#### [Work request]
Transcribe this listing exactly; omit the pictures.

---- Provided data

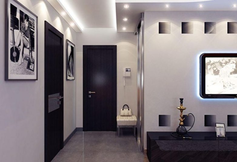 Элегантная функциональность — вот девиз современного стиля в дизайне. Для него характерны четкие линии, контрастные цвета (чаще ахроматические или близкие к ним) и гладкие поверхности. Повсюду используются высокотехнологичные материалы.В современном интерьере маленькой прихожей почти нет украшений, рисунков или выступающих элементов. В целом он составляет впечатление безупречного вкуса и утонченности.
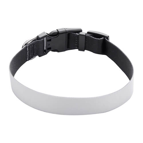 Kutyanyakörv szublimációs nyomtatáshoz. Állítható átmérőjű nyakörv, műanyag csattal rögzíthető, fémgyűrűvel a nyakpánt rögzítéséhez. A nyomtatás a gallér fehér részére történik.
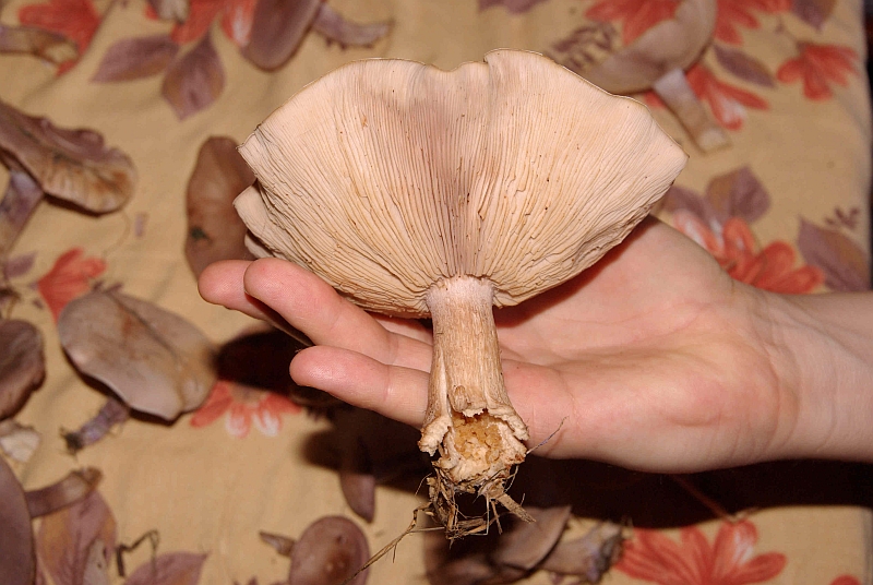 heute (20.12.2009) habe ich eine ganze Menge Pilze (eng zusammenstehend) auf dem Kompost hinter unserem Schuppen gefunden (Bilder anbei). Der Kompost besteht vorwiegend aus geschnittenen Rasenabfällen und ist geschützt von Koniferen (also schattiger Standort). Laut Bestimmungsbuch und Internetrecherchen tippen wir auf Rötelritterling (Lilastiel oder Violetter, Stiel lila angelaufen, faserig, Lamellen sind eher gräulich/bräunlich mit lila Schimmer, das Hutfleisch ist weißlich zur Mitte, Stiel, cremefarben), sind uns aber nicht sicher, da der Stiel meist nicht so dick (bei älteren Exemplaren hohl) wie beschrieben ist und der Hut schon frühzeitig Trichterform aufweist.
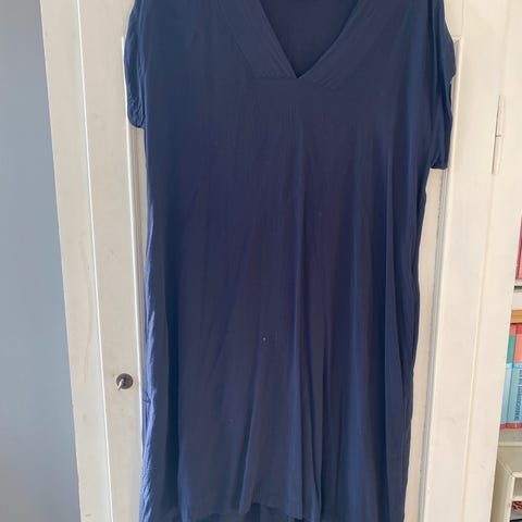 Fin mørkeblå MASAI kjole i str M. Bm ca 55cm. Længde fortil ca 96 cm, Længde bagtil ca 115cm.
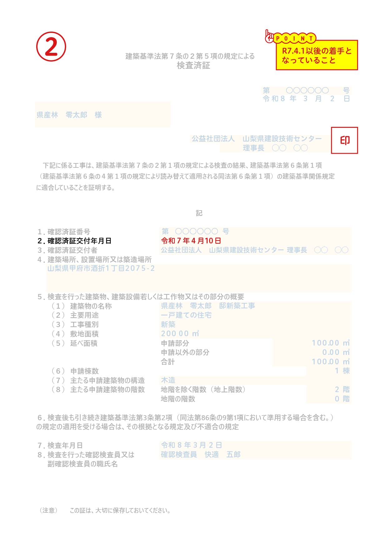 ②検査済証(参考例)
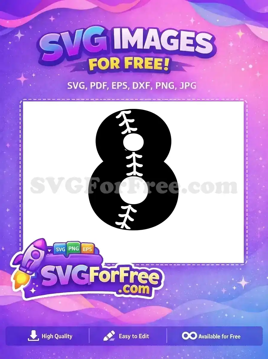 A bold number ‘8’ vector featuring a baseball stitch texture. A no-cost digital file for sports fans.
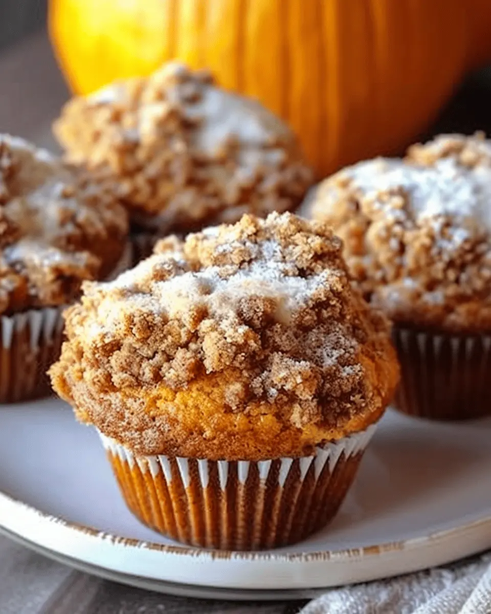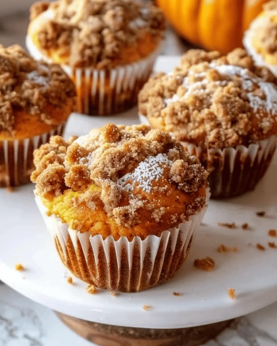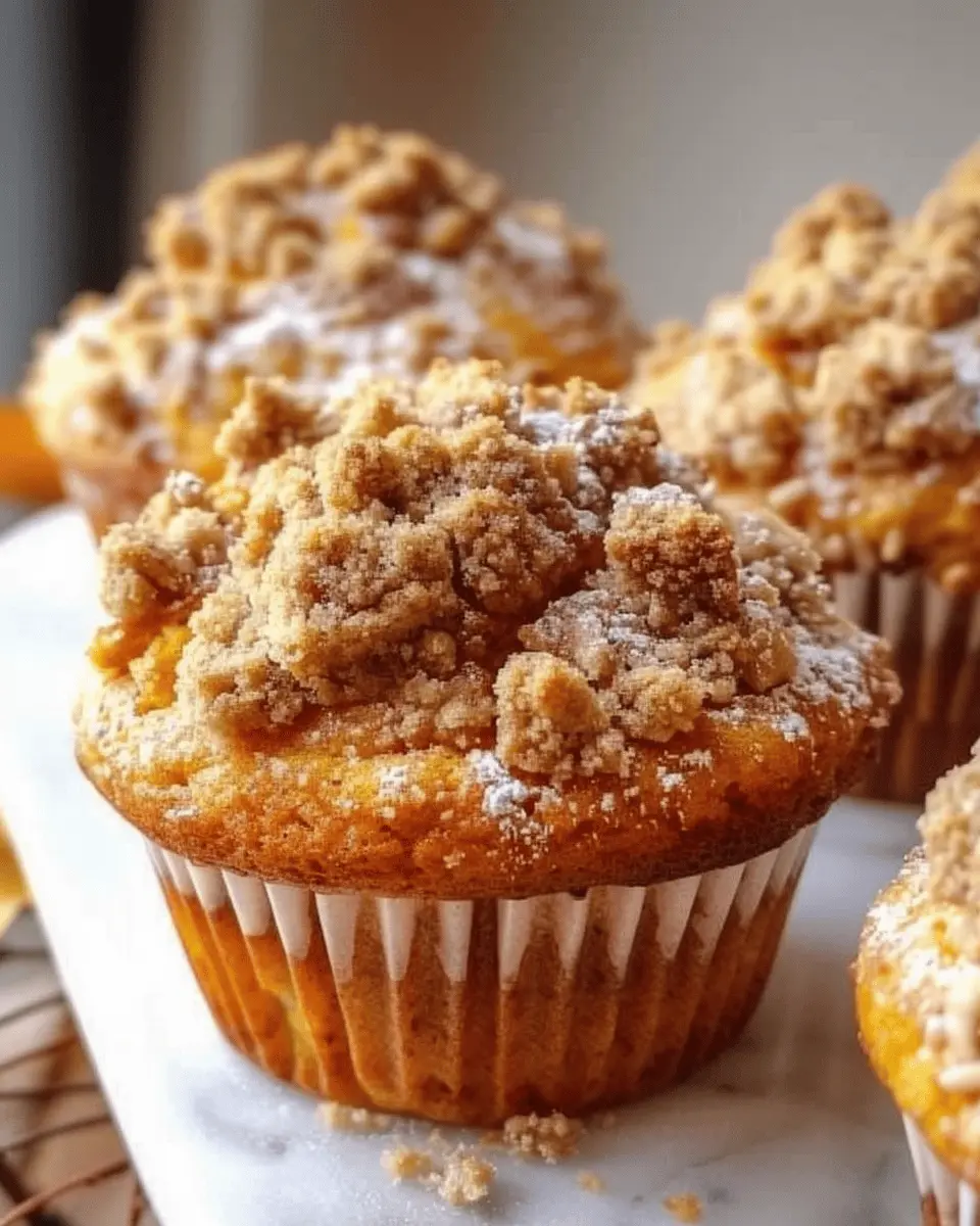 Enjoy the warm and inviting flavors of pumpkin streusel muffins, perfect for a cozy morning treat.
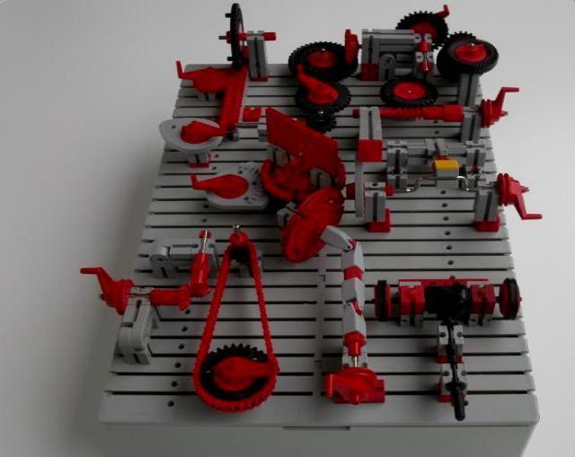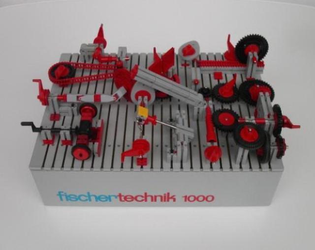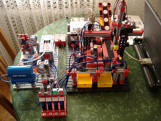 Pneumatische Sortierung der Fischertechnik-Bauteile schwarz und weiss mittels Sensor (hell und dunkel) im zugeordnetem Behälter. |  | | Darstellung von verschiedenen Antriebstechniken bzw.Über oder Untersetzungen mit Fischertechnik Bauteilen. |
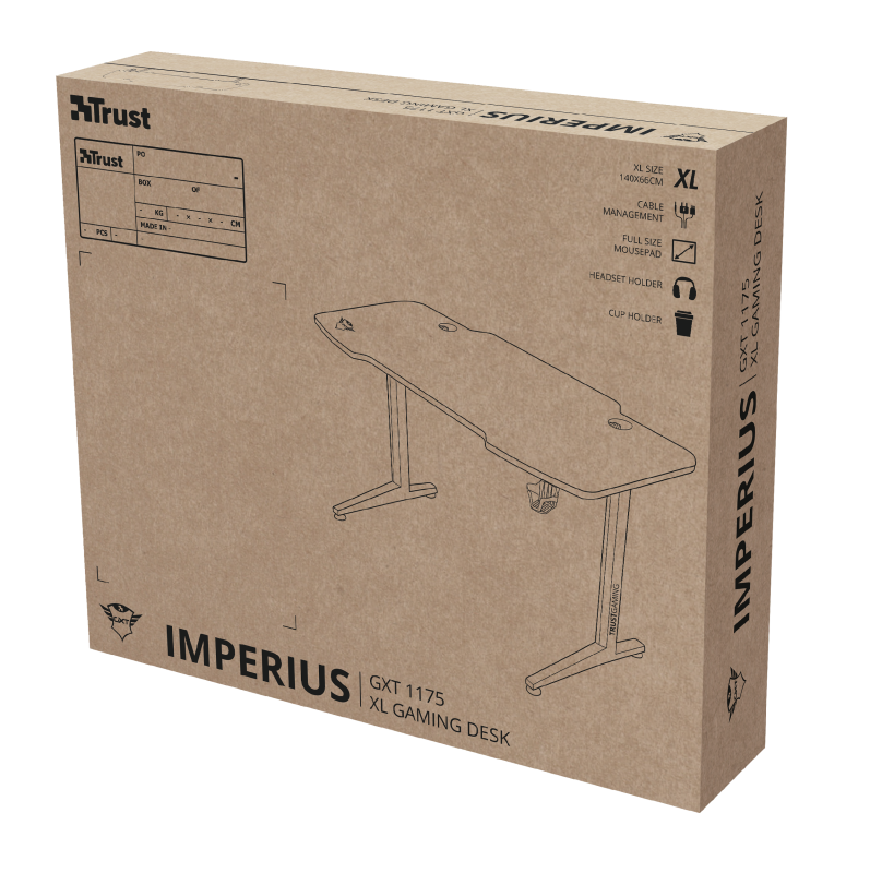 Schalte deinen Gaming-PC ein, melde dich bei deinem Lieblingsspiel an und zeige, was du kannst. Der Trust Imperius ist deine solide Basis beim Aufbau deines Online-Imperiums. Eine große Ablagefläche, ein integriertes Kabelmanagementsystem und eine Tischoberfläche, die vollständig als Mauspad verwendet werden kann - diese Merkmale machen deinen Gaming-Tisch zu deiner optimalen Kommandozentrale.

--------

#### [Solved exercise]
 Элегантная функциональность — вот девиз современного стиля в дизайне. Для него характерны четкие линии, контрастные цвета (чаще ахроматические или близкие к ним) и гладкие поверхности. Повсюду используются высокотехнологичные материалы.В современном интерьере маленькой прихожей почти нет украшений, рисунков или выступающих элементов. В целом он составляет впечатление безупречного вкуса и утонченности.
 Kutyanyakörv szublimációs nyomtatáshoz. Állítható átmérőjű nyakörv, műanyag csattal rögzíthető, fémgyűrűvel a nyakpánt rögzítéséhez. A nyomtatás a gallér fehér részére történik.
 heute (20.12.2009) habe ich eine ganze Menge Pilze (eng zusammenstehend) auf dem Kompost hinter unserem Schuppen gefunden (Bilder anbei). Der Kompost besteht vorwiegend aus geschnittenen Rasenabfällen und ist geschützt von Koniferen (also schattiger Standort). Laut Bestimmungsbuch und Internetrecherchen tippen wir auf Rötelritterling (Lilastiel oder Violetter, Stiel lila angelaufen, faserig, Lamellen sind eher gräulich/bräunlich mit lila Schimmer, das Hutfleisch ist weißlich zur Mitte, Stiel, cremefarben), sind uns aber nicht sicher, da der Stiel meist nicht so dick (bei älteren Exemplaren hohl) wie beschrieben ist und der Hut schon frühzeitig Trichterform aufweist.
 Fin mørkeblå MASAI kjole i str M. Bm ca 55cm. Længde fortil ca 96 cm, Længde bagtil ca 115cm.
 ②検査済証(参考例)
 A bold number ‘8’ vector featuring a baseball stitch texture. A no-cost digital file for sports fans.
 Enjoy the warm and inviting flavors of pumpkin streusel muffins, perfect for a cozy morning treat.
 Pneumatische Sortierung der Fischertechnik-Bauteile schwarz und weiss mittels Sensor (hell und dunkel) im zugeordnetem Behälter. |  | | Darstellung von verschiedenen Antriebstechniken bzw.Über oder Untersetzungen mit Fischertechnik Bauteilen. |
 Schalte deinen Gaming-PC ein, melde dich bei deinem Lieblingsspiel an und zeige, was du kannst. Der Trust Imperius ist deine solide Basis beim Aufbau deines Online-Imperiums. Eine große Ablagefläche, ein integriertes Kabelmanagementsystem und eine Tischoberfläche, die vollständig als Mauspad verwendet werden kann - diese Merkmale machen deinen Gaming-Tisch zu deiner optimalen Kommandozentrale.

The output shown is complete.